» ACTIVITY
The line containing "Pilih desain invoice" marks the end; return exactly every line from the start of the records up to and including it, but no pictures.

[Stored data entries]
☆ ☆ ☆

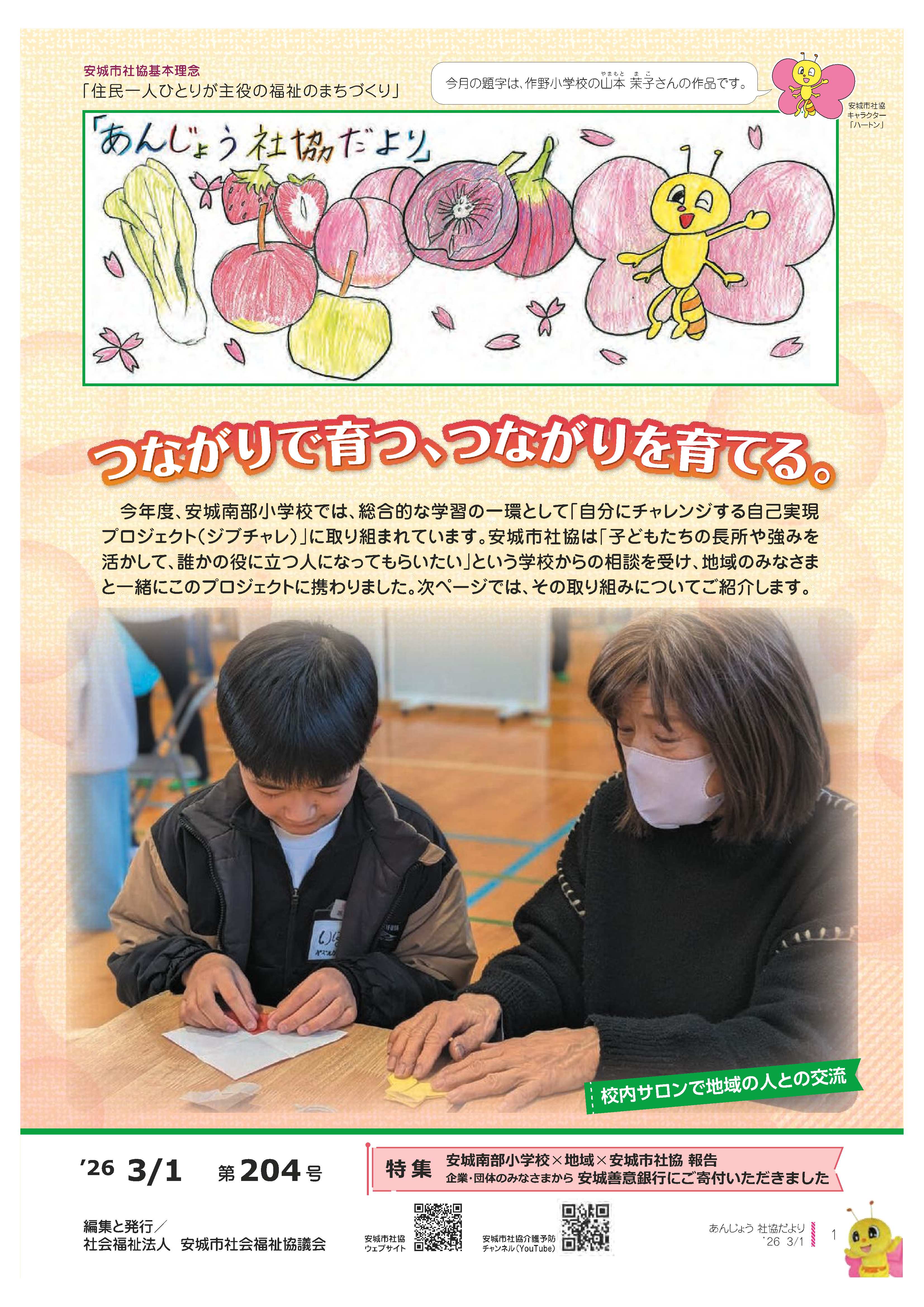 発行日 令和8年3月1日 主な内容 安城南部小学校╳地域╳安城市社協 報告 企業・団体のみなさまから 安城善意銀行にご寄付いただきました ファイル名(形式:サイズ) 社協だより第204号(PDF形式:2.3MB) 広報誌データ ダウンロード サムネイル
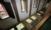 こぢんまりとした天守の中で目を引くのは、敵に石を落とす「武者落」。弓を射るための小さな窓「矢狹間」も整然と並び、江戸時代へ想いを馳せることができる。
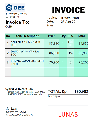 Pilih desain invoice cantik & professional yang siap cetak untuk bisnis anda
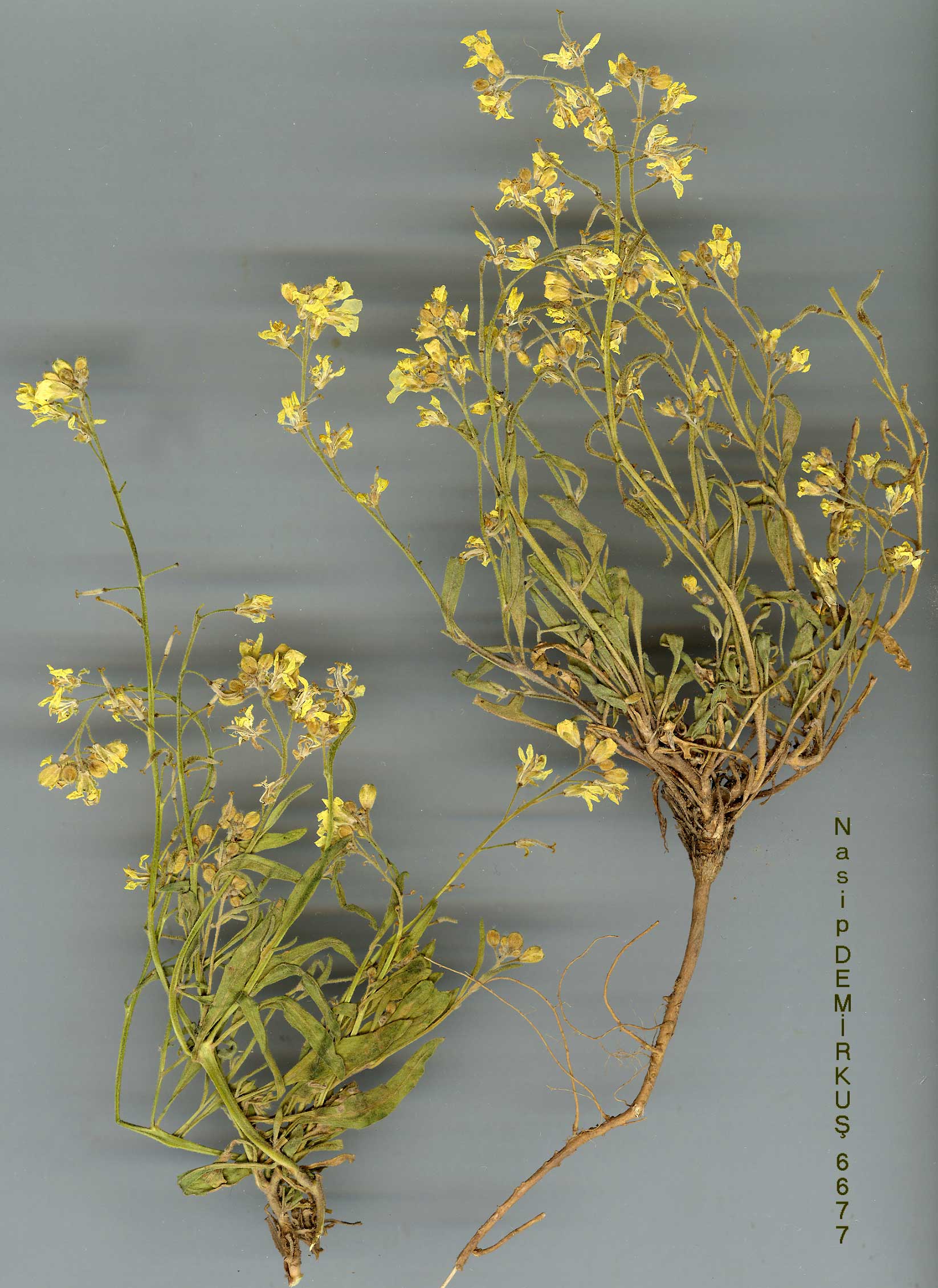 | S. incanum Bieb., Fl. Taur.-Cauc. 3: 444 (1819). Syn: Cheiranthus torulosus Bieb., Fl. Taur.-Cauc. 2: 121 (1808), non Thunberg (1800); Sterigma tondosum (Bieb.) DC., Syst. 2: 580 (1821); Sterigmostemum torulosum (Bieb.) Stapf in Denk. Akad. Wiss. Wien, Math.-Nat. Kl. 51: 301 (1886). Ic: Takhtajan & Fedorov, Atlas Risunkov K Flore Erevana', t. 45 (1946). Biennial herbs, somewhat glaucous, the whole plant with an indumentum of stellate hairs, and longer, stipitate, glandular hairs. Stems branched, erect, up to 50 cm. Lower leaves lanceolate, dentate to pinnatifid. Upper leaves usually entire. Petals 6-9 mm, yellow. Siliquae contorted, twisted, scabrid with glandular hairs. Stigma bifid, the lobes spreading, 0.5 mm long. Fl. 6. Calcareous steppe, 1000 m. Type: in Iberia, Steven. Scattered in C. & E. Anatolia. A8 Gümüşane: Bayburt, 24 vi 1862, Bourgeau! A8 Erzurum: Ispir to Tortum, Huet! B6 Malatya: Gürün to Darende, 1000 m, D. 21941! B8 Erzurum: Erzurum, Tchihatcheff. B9 Van: Varak Da., 1899-1900,Maunsell. A9 Kars: Kağizman, & B9 Kars: nr. Iğdir (Grossheim 4: map 284). C4 Konya: Karapinar, Zed. Caucasia, N., N.W. & W. Iran. Ir.-Tur. element. |
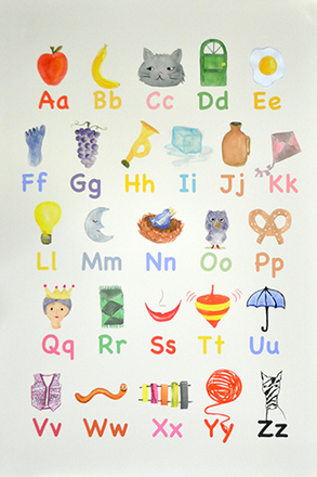 Beige background with multicolor rows of uppercase and lowercase letters. Each letter has a corresponding image like "Cc" for Cat.
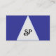 This elegant card is refined and polished, displaying the individual’s initials in black stylish font, paired with subtle gray accents within a trendy geometric pattern for a perfect balance of contrast and elegance. The combination of royal blue, white and gray creates a contemporary, high end feel, ensuring that this business card stands out while maintaining a sleek, corporate aesthetic look, exuding professionalism, trustworthiness and sophistication. The back of the card offers a clean, modern design with a customizable space for a photo or logo, along with the name address and phone number. The strong script allows shows confidence along with warmth for a personalized touch that makes a lasting impression.
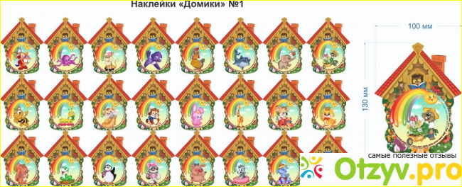 Одна наклейка формата 110х75мм и 2 – формата 75х60мм. В дополнение к комплекту вложены лист А4 со списком для группы с изображениями тех же рисунков и маленькие наклейки для поощрения детей.
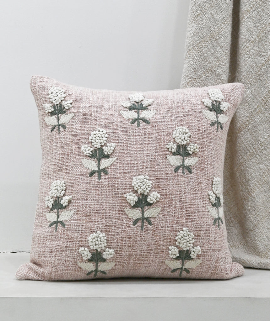 Add elegance to your home with this 20"x20" Vibhsa Persian pillow, featuring intricate hand embroidery, French knots, and Mughal Butah floral details.

☆ ☆ ☆

» TASK SOLUTION
 発行日 令和8年3月1日 主な内容 安城南部小学校╳地域╳安城市社協 報告 企業・団体のみなさまから 安城善意銀行にご寄付いただきました ファイル名(形式:サイズ) 社協だより第204号(PDF形式:2.3MB) 広報誌データ ダウンロード サムネイル
 こぢんまりとした天守の中で目を引くのは、敵に石を落とす「武者落」。弓を射るための小さな窓「矢狹間」も整然と並び、江戸時代へ想いを馳せることができる。
 Pilih desain invoice cantik & professional yang siap cetak untuk bisnis anda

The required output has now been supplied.